Unincorporated community in Delaware, United States

McClellandville is an unincorporated community in New Castle County, in the U.S. state of Delaware. McClellandville is located at the intersection of Delaware Route 896 and Wedgewood Road, northwest of Newark.

==History==
A post office called McClellandville was established in 1853, and remained in operation until 1908. The community was named for William McClelland, a pioneer settler.

McClellandville contains two properties listed on the National Register of Historic Places: the Samuel Lindsey House and the Wesley M.E. Church.

==Education==

Previously McClellandville was in the Newark School District.

Today, public schools serving McClellandville are managed by New Castle County, though zoning shifts mean many students now attend schools associated with the Colonial School District, Christina School District, or the Red Clay Consolidated School District. Precise assignment depends on parcel address and local boundary definitions.

Here are some local schools within reasonable proximity (around New Castle):

Calvin R. McCullough Middle School (Grades 6–8) – located in New Castle, part of the Colonial School District.

Bedford (Gunning) Middle School, Castle Hills Elementary, among several other Colonial District schools, serve the area as per Census-based locators.

Other districts (Christina and Red Clay) may include schools like:

R. Elisabeth Maclary Elementary (Christina School District).

John Dickinson School, a Red Clay secondary school with an IB program.

Students in New Castle County — including those from McClellandville — can opt into New Castle County Vocational-Technical School District programs (e.g., Delcastle, Hodgson, Howard, and St. Georges Tech), offering 41 CTE tracks, dual enrollment, and industry credentials.

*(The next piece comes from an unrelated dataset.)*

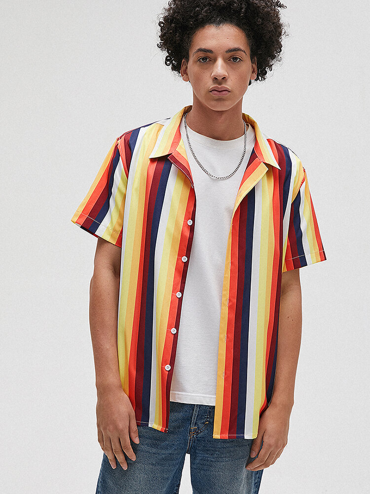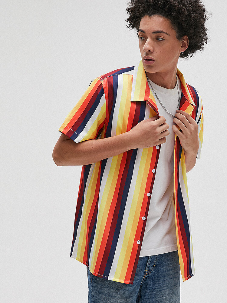 Mens Holiday Colorful Striped Casual Turn-down Collar Shirts – M #01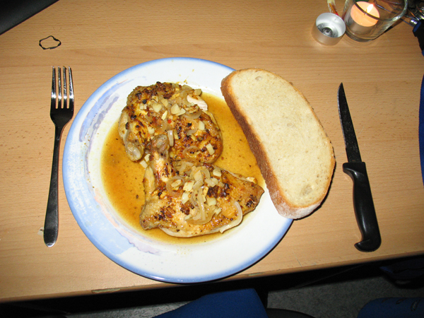 Im Ofen bei 300 grad backen (zwischendurch mit Bier übergiessen). Nicht zu lange, nur bis sie Farbe haben. Danach den Ofen ausschalten und das Poulet ziehen lassen. Hmmmm leggaaaaa

Nearby flagship: Delcastle Technical High School in Newport (1417 Newport Rd), serving 1,598 students across Grades 9–12.

K–12 education for McClellandville is now part of New Castle County's patchwork of districts — Colonial, with possible overlap by Christina or Red Clay.

Middle and elementary schools within New Castle County are accessible, alongside vocational‑technical high school options.